La registrazione richiede databricks-sdk>=0.102.0. Le versioni precedenti possono andare in timeout durante il caricamento di artefatti del modello di grandi dimensioni.
Passaggio 4: Creare un endpoint di gestione
Distribuire il modello registrato con Azure Databricks SDK. Questo passaggio di distribuzione è identico a quello di qualsiasi modello personalizzato. Solo il passaggio di registrazione (passaggio 3) è diverso per express.
from databricks.sdk import WorkspaceClient
from databricks.sdk.service.serving import (
EndpointCoreConfigInput,
ServedEntityInput,
ServingModelWorkloadType,
)
ENDPOINT_NAME = "bge-reranker-endpoint"
w = WorkspaceClient()
w.serving_endpoints.create_and_wait(
name=ENDPOINT_NAME,
config=EndpointCoreConfigInput(
name=ENDPOINT_NAME,
served_entities=[
ServedEntityInput(
name="bge-reranker",
entity_name=model_version.name,
entity_version=model_version.version,
workload_type=ServingModelWorkloadType.GPU_SMALL,
workload_size="Small",
scale_to_zero_enabled=False,
)
],
),
)
create_and_wait blocca fino a quando l'endpoint non è pronto.
GPU_SMALL è sufficiente per questo reranker. Poiché serve riutilizza la stessa versione dell'ambiente e ripristina le dipendenze aggiunte nel notebook, il modello servito viene eseguito sulle stesse versioni della libreria sviluppate, indipendentemente dal tipo di GPU.
Durante la distribuzione dell'endpoint, aprire la scheda Eventi dell'endpoint nell'interfaccia utente di gestione. Poiché si tratta di una distribuzione rapida, il registro eventi non mostra gli eventi di creazione dell'immagine del contenitore (viene visualizzata Container image creation initiated una distribuzione standard seguita da Container image creation finished successfully). Al termine dell'endpoint, il relativo stato è Pronto.

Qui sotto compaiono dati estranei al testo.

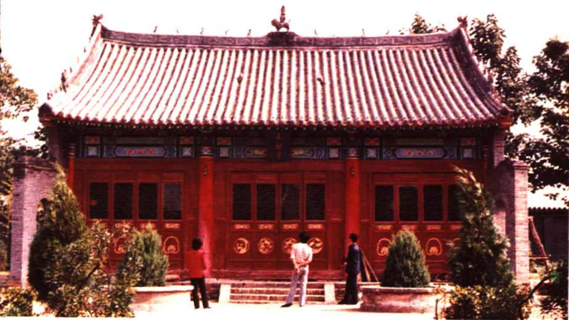
函谷关大初宫——老子著经处

Passaggio 5: Eseguire una query sull'endpoint
Un cross-encoder attribuisce un punteggio a una query rispetto a un documento, quindi invia i campi text e text_pair. Interroga tramite codice con l'SDK di Databricks o curl.
Databricks SDK
w.serving_endpoints.query(
name=ENDPOINT_NAME,
dataframe_records=[
{"text": "What is Databricks?", "text_pair": "Databricks is a data and AI company."},
],
)
curl
curl -X POST \
-u "token:$DATABRICKS_TOKEN" \
-H "Content-Type: application/json" \
-d '{"dataframe_records":[{"text":"What is Databricks?","text_pair":"Databricks is a data and AI company."}]}' \
https://<workspace-url>/serving-endpoints/bge-reranker-endpoint/invocations
L'endpoint restituisce un punteggio di pertinenza per ogni coppia di documenti di query; punteggi più alti indicano una corrispondenza migliore. Usa questi punteggi per riordinare i documenti candidati.
Notebook di esempio
Importa il notebook seguente per eseguire questa guida dall'inizio alla fine.
Notebook di avvio per reranker Express
Parametro env_pack
La guida rapida qui sopra mostra una distribuzione rapida per un modello GPU. Le distribuzioni rapide funzionano anche per i modelli di CPU. In ogni caso, si abilita la distribuzione rapida passando env_pack a register_model:
import mlflow
from mlflow.utils.env_pack import EnvPackConfig
mlflow.register_model(
model_info.model_uri,
model_name,
env_pack=EnvPackConfig(name="databricks_model_serving"),
)
env_pack impacchetta e prepara gli artefatti del modello e le dipendenze che hai aggiunto alla sessione del notebook al momento della registrazione, per questo la registrazione richiede più tempo rispetto a una chiamata senza env_pack.
EnvPackConfig accetta un install_dependencies parametro (True per impostazione predefinita). Quando True, le dipendenze del modello vengono installate nell'ambiente corrente per verificare che l'ambiente sia valido.
Annotazioni
La registrazione può avere esito negativo nelle aree di lavoro senza accesso a Internet o quando il modello dipende da librerie personalizzate, se install_dependencies è True. In questi casi, impostare install_dependencies su False.
È possibile sostituire la stringa "databricks_model_serving" come EnvPackConfig(...) abbreviata. Equivale a EnvPackConfig(name="databricks_model_serving", install_dependencies=True).